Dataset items
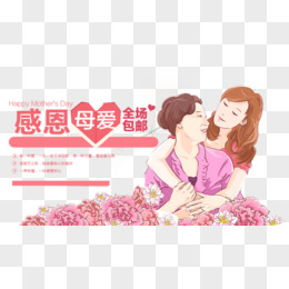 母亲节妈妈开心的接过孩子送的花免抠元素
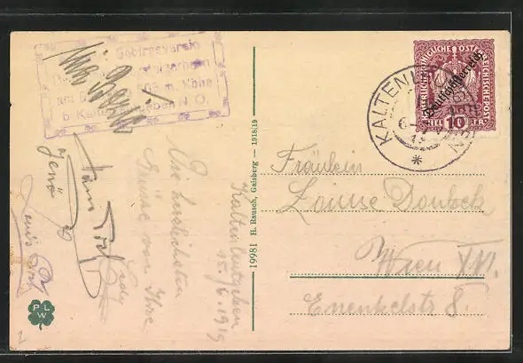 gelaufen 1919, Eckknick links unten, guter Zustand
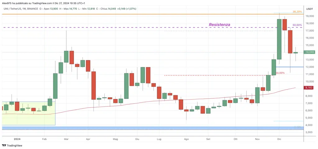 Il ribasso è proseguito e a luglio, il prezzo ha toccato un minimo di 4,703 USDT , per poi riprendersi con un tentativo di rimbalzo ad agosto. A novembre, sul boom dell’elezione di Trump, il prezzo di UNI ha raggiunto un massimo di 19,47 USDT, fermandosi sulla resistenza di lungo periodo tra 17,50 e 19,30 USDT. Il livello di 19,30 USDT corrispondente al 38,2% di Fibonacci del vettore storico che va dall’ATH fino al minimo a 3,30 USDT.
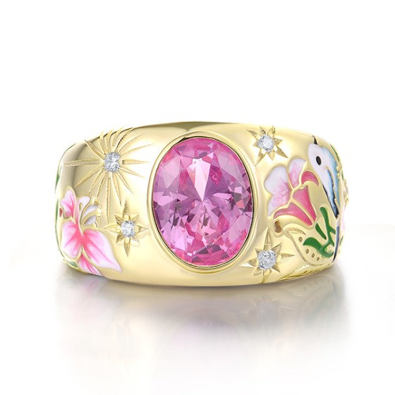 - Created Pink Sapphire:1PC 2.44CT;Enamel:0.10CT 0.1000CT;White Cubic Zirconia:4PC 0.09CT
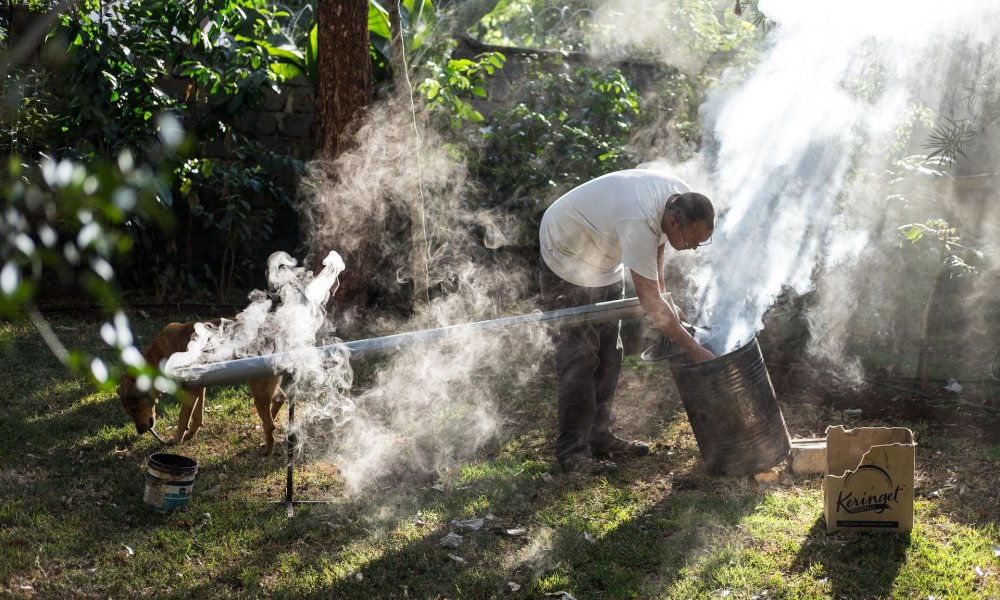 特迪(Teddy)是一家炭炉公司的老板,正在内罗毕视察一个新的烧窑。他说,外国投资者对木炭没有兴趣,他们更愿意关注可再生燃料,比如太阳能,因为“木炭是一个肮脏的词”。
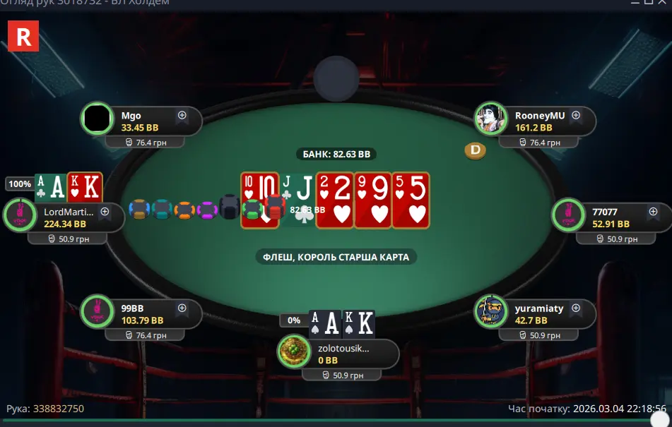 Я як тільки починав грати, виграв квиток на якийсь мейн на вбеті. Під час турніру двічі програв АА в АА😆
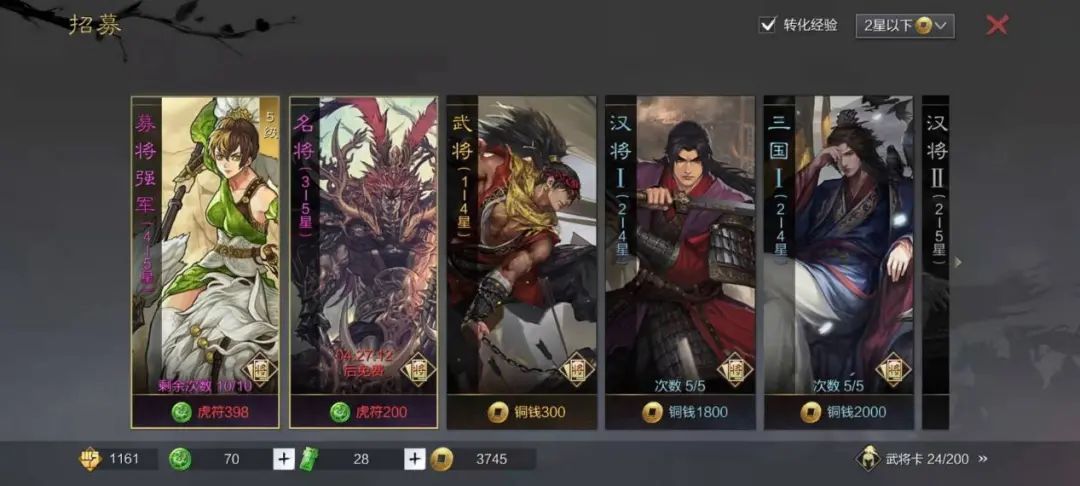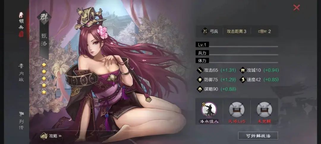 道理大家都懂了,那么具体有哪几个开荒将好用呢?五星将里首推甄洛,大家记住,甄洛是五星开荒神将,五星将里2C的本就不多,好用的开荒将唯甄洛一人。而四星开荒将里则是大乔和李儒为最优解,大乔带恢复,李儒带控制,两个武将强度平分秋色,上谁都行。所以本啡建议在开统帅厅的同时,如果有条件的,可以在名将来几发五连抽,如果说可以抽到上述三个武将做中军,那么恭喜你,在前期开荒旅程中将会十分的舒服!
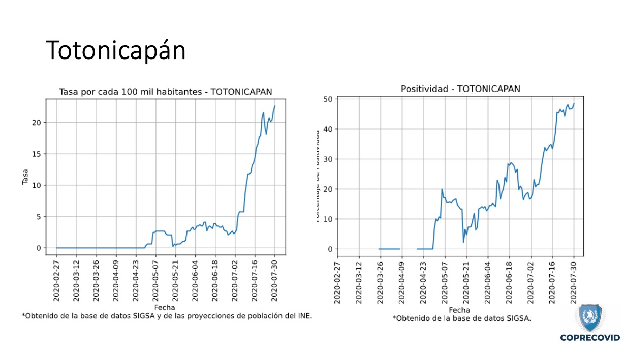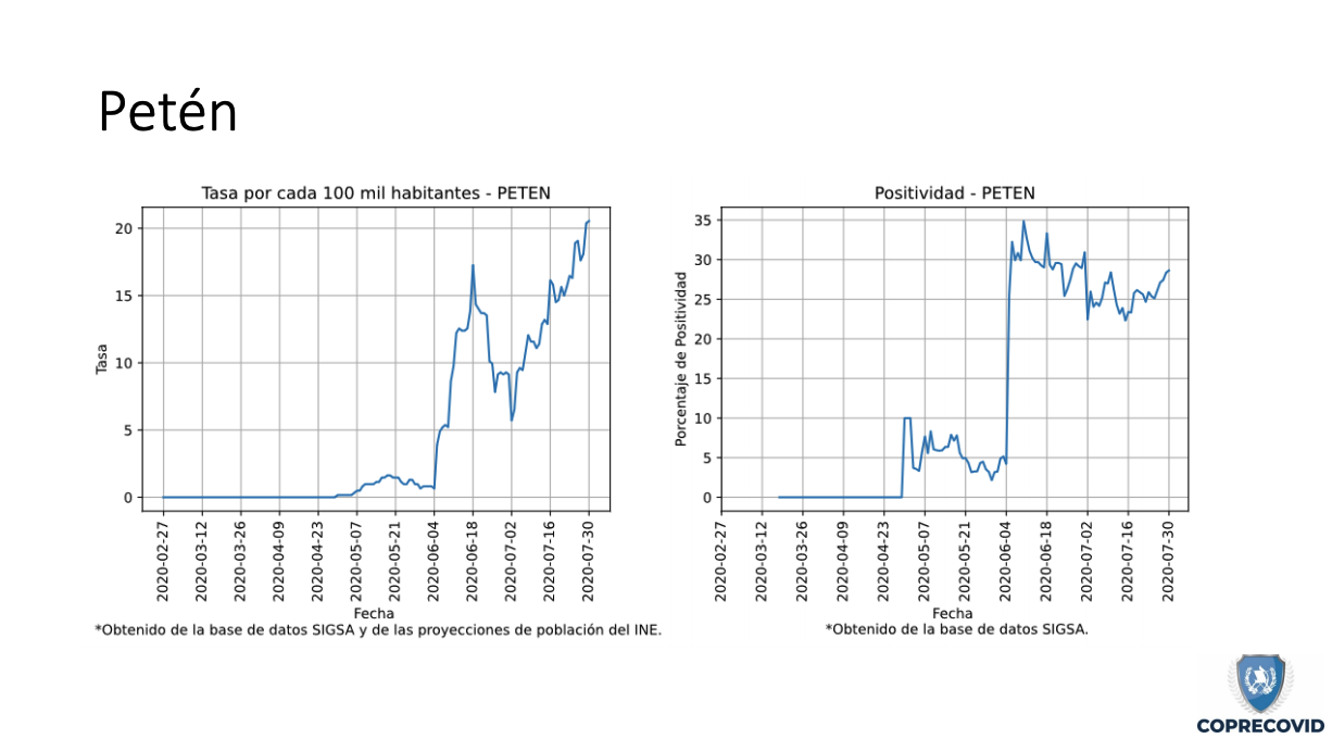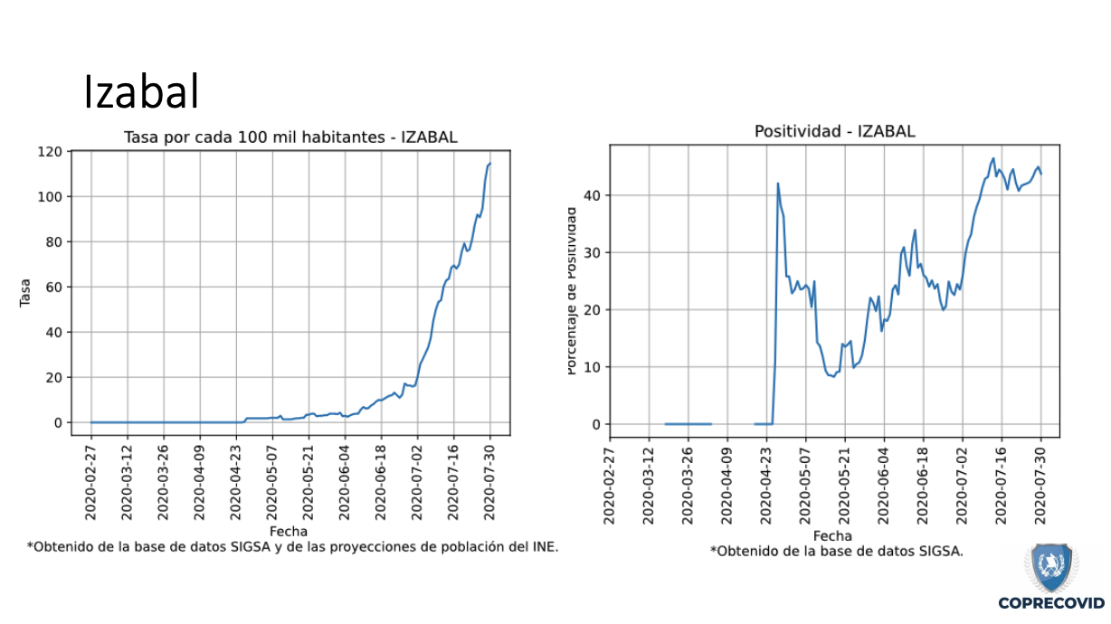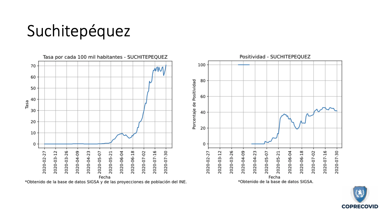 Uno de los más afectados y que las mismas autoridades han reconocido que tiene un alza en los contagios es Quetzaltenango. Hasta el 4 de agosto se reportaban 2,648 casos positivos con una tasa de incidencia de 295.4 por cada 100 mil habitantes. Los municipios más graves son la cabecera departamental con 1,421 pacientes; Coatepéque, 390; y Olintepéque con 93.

__Exercise prompt__. The entries above should be given again exactly, minus any pictures.

__Reply__.
 母亲节妈妈开心的接过孩子送的花免抠元素
 gelaufen 1919, Eckknick links unten, guter Zustand
 Il ribasso è proseguito e a luglio, il prezzo ha toccato un minimo di 4,703 USDT , per poi riprendersi con un tentativo di rimbalzo ad agosto. A novembre, sul boom dell’elezione di Trump, il prezzo di UNI ha raggiunto un massimo di 19,47 USDT, fermandosi sulla resistenza di lungo periodo tra 17,50 e 19,30 USDT. Il livello di 19,30 USDT corrispondente al 38,2% di Fibonacci del vettore storico che va dall’ATH fino al minimo a 3,30 USDT.
 - Created Pink Sapphire:1PC 2.44CT;Enamel:0.10CT 0.1000CT;White Cubic Zirconia:4PC 0.09CT
 特迪(Teddy)是一家炭炉公司的老板,正在内罗毕视察一个新的烧窑。他说,外国投资者对木炭没有兴趣,他们更愿意关注可再生燃料,比如太阳能,因为“木炭是一个肮脏的词”。
 Я як тільки починав грати, виграв квиток на якийсь мейн на вбеті. Під час турніру двічі програв АА в АА😆
 道理大家都懂了,那么具体有哪几个开荒将好用呢?五星将里首推甄洛,大家记住,甄洛是五星开荒神将,五星将里2C的本就不多,好用的开荒将唯甄洛一人。而四星开荒将里则是大乔和李儒为最优解,大乔带恢复,李儒带控制,两个武将强度平分秋色,上谁都行。所以本啡建议在开统帅厅的同时,如果有条件的,可以在名将来几发五连抽,如果说可以抽到上述三个武将做中军,那么恭喜你,在前期开荒旅程中将会十分的舒服!
 Uno de los más afectados y que las mismas autoridades han reconocido que tiene un alza en los contagios es Quetzaltenango. Hasta el 4 de agosto se reportaban 2,648 casos positivos con una tasa de incidencia de 295.4 por cada 100 mil habitantes. Los municipios más graves son la cabecera departamental con 1,421 pacientes; Coatepéque, 390; y Olintepéque con 93.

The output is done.